--- PROBLEM STATEMENT ---
Drop the images. Copy every line below character for character.

--- INFORMATION PROVIDED ---

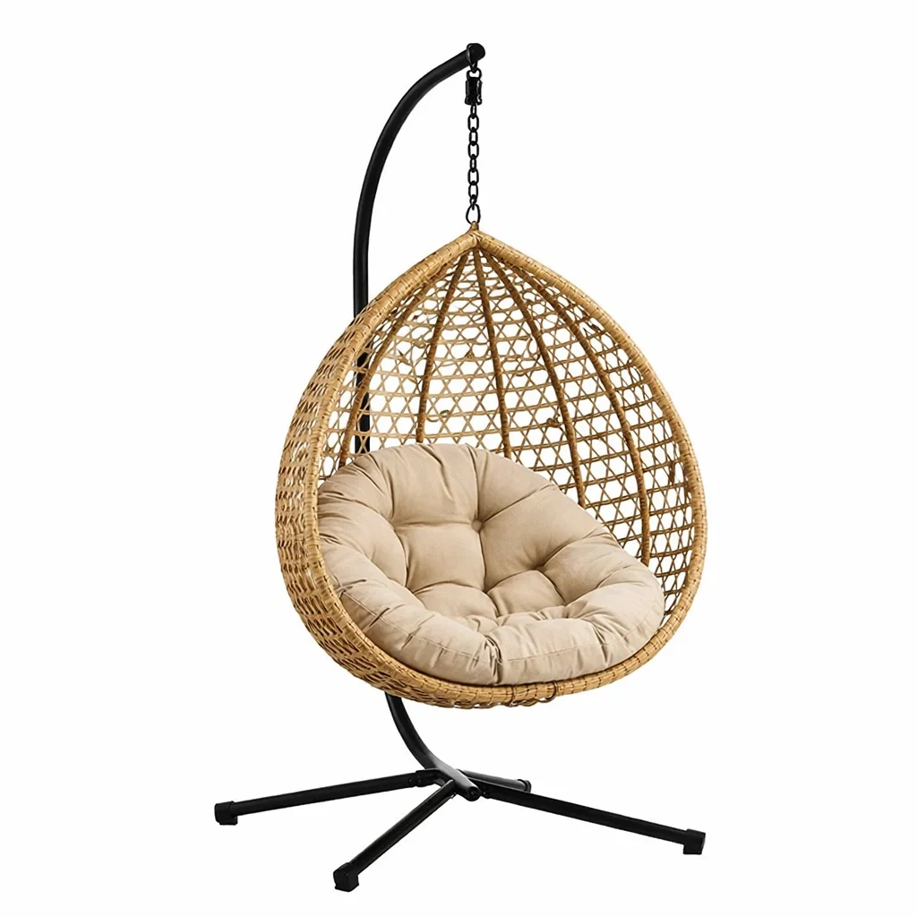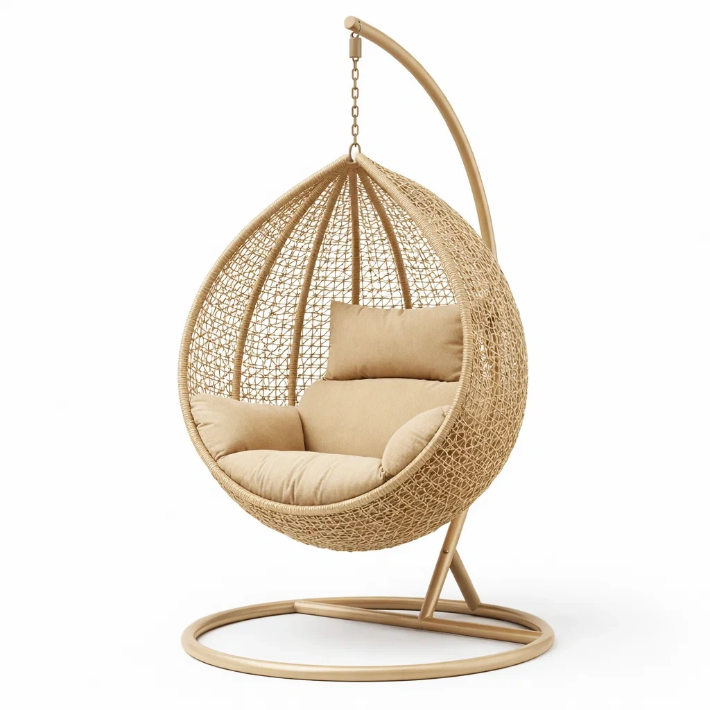 Fauteuil œuf suspendu en rotin avec structure en acier et coussin beige
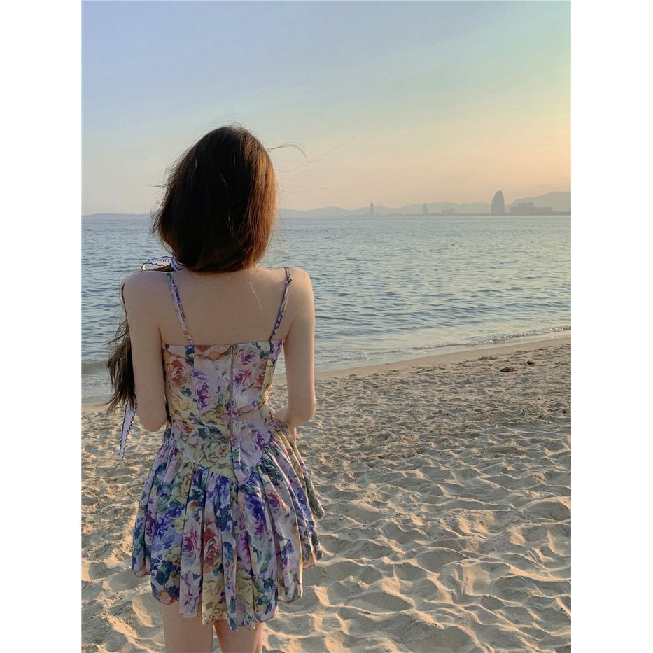 Đầm hai dây hoa hè tông tím xòe ly đi biển dạo phố Jennie
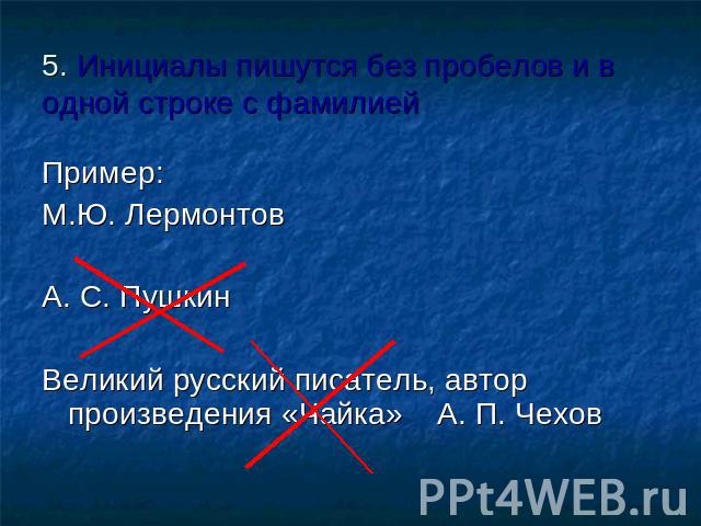При написании инициалов нужно учитывать, что отрывать их от фамилии нельзя, то есть инициалы и фамилия всегда должны быть на одной строке. Поэтому при наборе текста на клавиатуре компьютера предпочтительнее ставить неразрывный пробел (Ctrl + Shift + пробел) вместо обычного, чтобы не возникло ситуации, когда инициалы остаются на одной строке, а фамилия переносится на другую. К слову сказать, именно этим и отличается профессиональный набор текста от дилетантского. Грамотный наборщик сделает так, чтобы инициалы не отрывались от фамилии и не переносились на другую строку, даже если между ними стоит пробел.

--- TASK RESPONSE ---
 Fauteuil œuf suspendu en rotin avec structure en acier et coussin beige
 Đầm hai dây hoa hè tông tím xòe ly đi biển dạo phố Jennie
При написании инициалов нужно учитывать, что отрывать их от фамилии нельзя, то есть инициалы и фамилия всегда должны быть на одной строке. Поэтому при наборе текста на клавиатуре компьютера предпочтительнее ставить неразрывный пробел (Ctrl + Shift + пробел) вместо обычного, чтобы не возникло ситуации, когда инициалы остаются на одной строке, а фамилия переносится на другую. К слову сказать, именно этим и отличается профессиональный набор текста от дилетантского. Грамотный наборщик сделает так, чтобы инициалы не отрывались от фамилии и не переносились на другую строку, даже если между ними стоит пробел.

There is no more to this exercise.